Somebody Touched My Spaghetti!

For this weeks blog post I will be looking at an Antipattern known as Spaghetti Code from Source Makings site. Perhaps the most famous AntiPattern it has existed in one form or another since the advent of monogramming languages. Essentially Spaghetti Code is a very cluttered or messy design approach causing it to appear almost like spaghetti, all tangled up.

Nonobject oriented languages appear to be more susceptible to this, and this is more likely to occur to those who have yet to fully master advanced concepts involving object orientation. The general form of this spaghetti code appears in systems with very little software structure. “If developed using an object-oriented language the software may include a small number of objects that contain methods with very large implementations that invoke a single, multistage process flow. “.  On top of this object methods are invoked in a very predictable manner, with a negligible degree of dynamic interaction between any of the objects involved in the system. Causing the system to be very difficult to maintain or extend, allowing no opportunity to reuse the objects and modules in other similar systems. Spaghetti Code usually results in an inexperience with object oriented design technologies, similar to this no design prior to the implementation of the actual code. Another cause would be the result of developers working in isolation because of this their maybe ineffective code reviews.

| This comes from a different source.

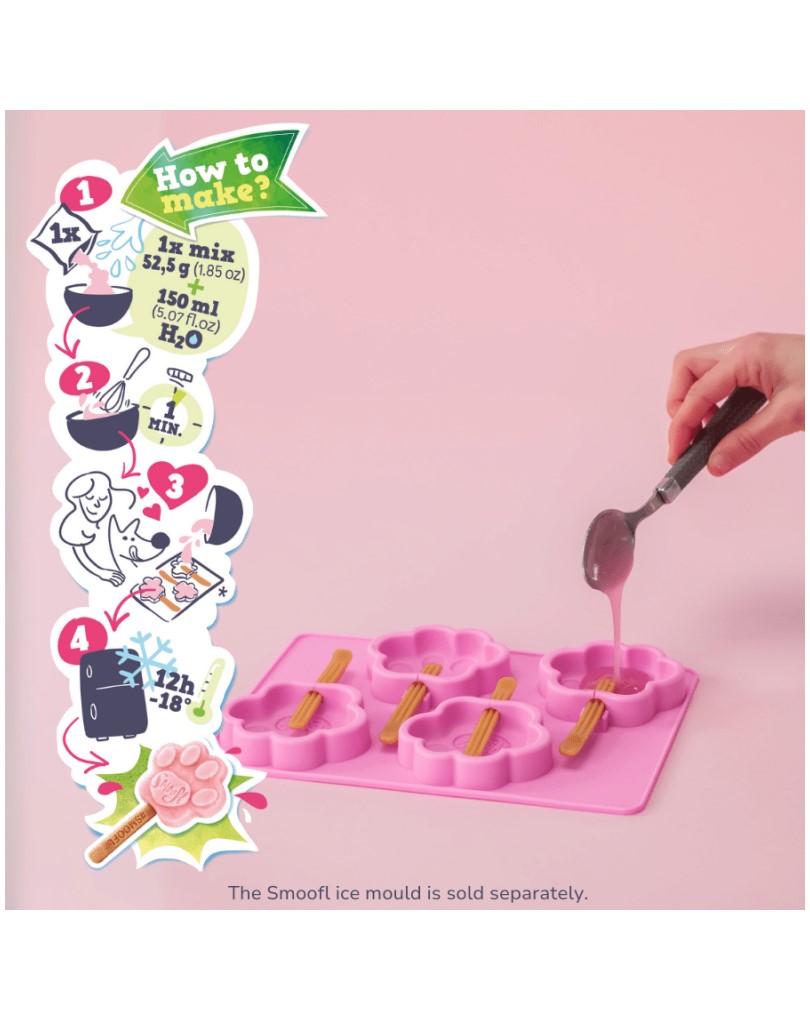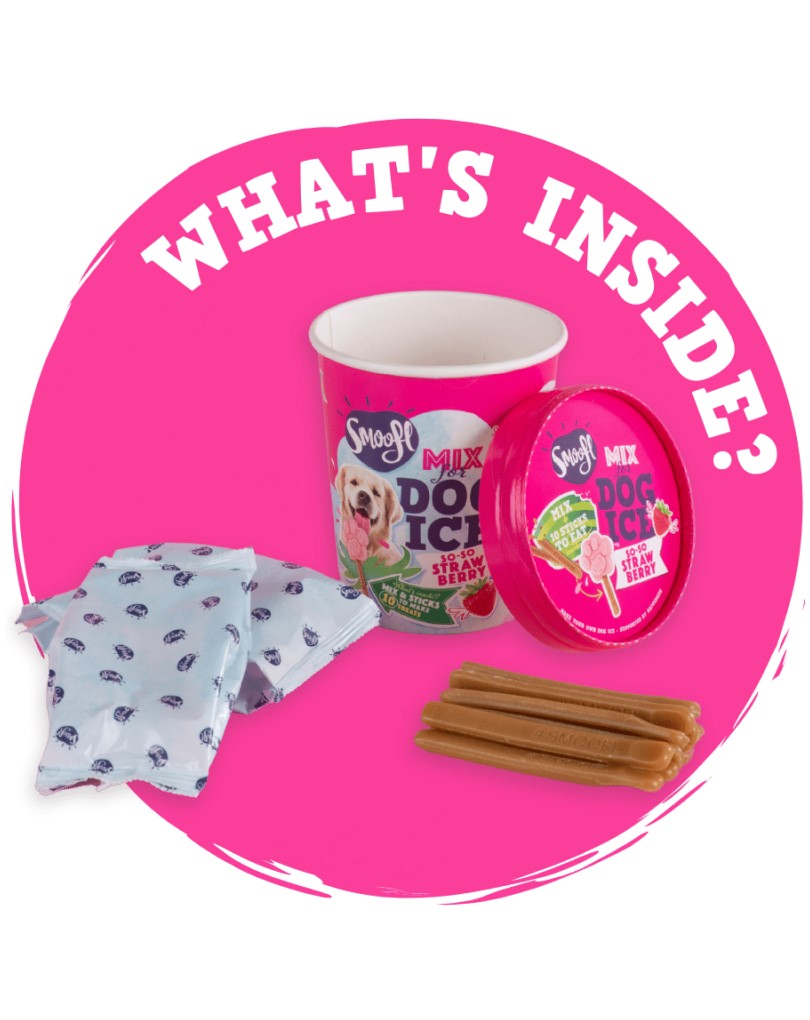 - “Spoil your furriend with our Smoofl Mix for Dog Ice in the flavour Strawberry. The mix comes with 10 edible sticks … Ready in just 60 seconds … The Ice Treats are 100% tailored to your pawesome friend and are lactose-, grain- and fat free so every dog can Smoofl with gusto.”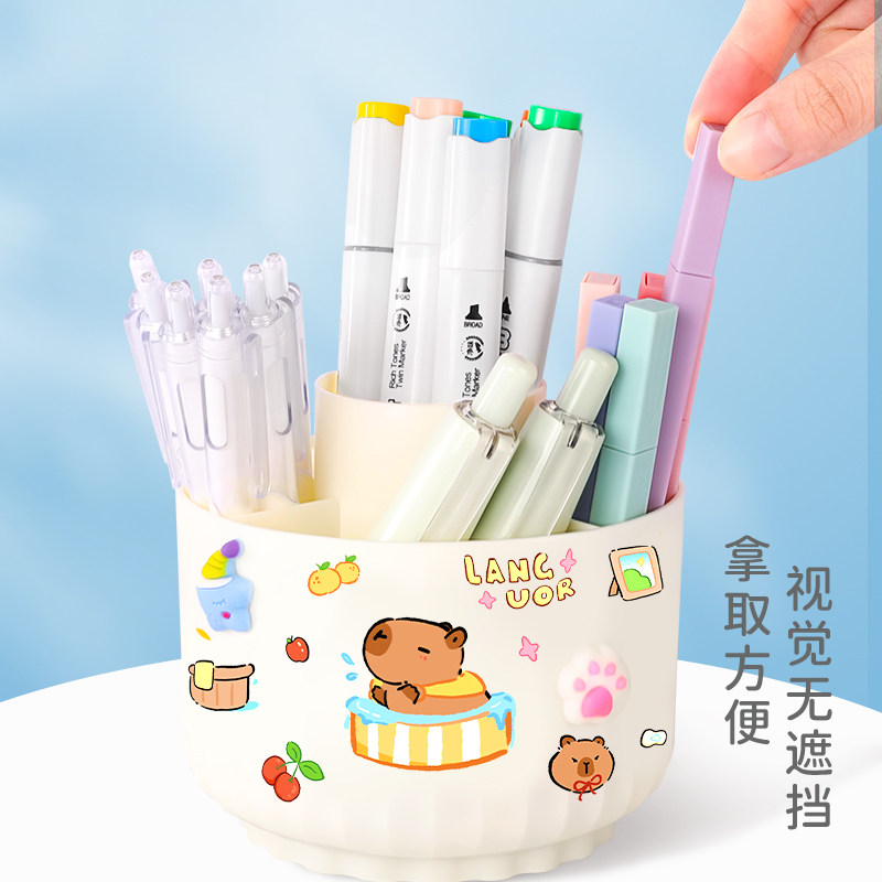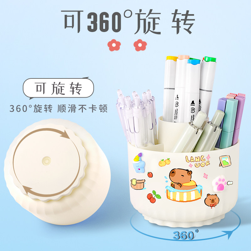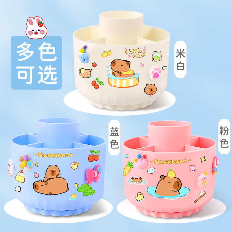 卡皮巴拉可360°旋转笔筒5格分类收纳小学生桌面文具收纳盒多功能大容量笔筒办公室桌面创意可爱幼儿园伴手礼

A solution to this not so delicious mess would be through software refractoring (code clean up). This being an essential part of software development, allowing most efficient clean up. When the structure becomes “compromised” through the mess its support to extensions become more and more limited to the point of useless. Ideally code cleanup should be happening throughout the entire development process but that’s an ideal situation that not everyone (including myself) follow all the time. Doing so on an hourly or daily basis is a good start to this cleanup process.

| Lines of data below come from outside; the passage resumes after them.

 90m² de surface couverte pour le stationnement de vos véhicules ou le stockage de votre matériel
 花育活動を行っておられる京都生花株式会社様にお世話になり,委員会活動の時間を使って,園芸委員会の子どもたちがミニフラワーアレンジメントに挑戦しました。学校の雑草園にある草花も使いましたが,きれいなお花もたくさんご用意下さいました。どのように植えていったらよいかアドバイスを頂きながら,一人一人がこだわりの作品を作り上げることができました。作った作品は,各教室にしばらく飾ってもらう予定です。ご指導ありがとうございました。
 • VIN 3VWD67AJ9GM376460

If simple code clean up is not working what next? Stopping spaghetti code through prevention is usually the best way to resolve this matter. Before you start writing the code, have a plan of what you are designing and how to structure it. Commit to actively refractoring and improving spaghetti code whenever the code needs to be modified is an extremely useful to prevent it.

Essentially if you don’t want to have spaghetti and meatball code you need to think about the overall structure and a good idea of what you are going to be developing.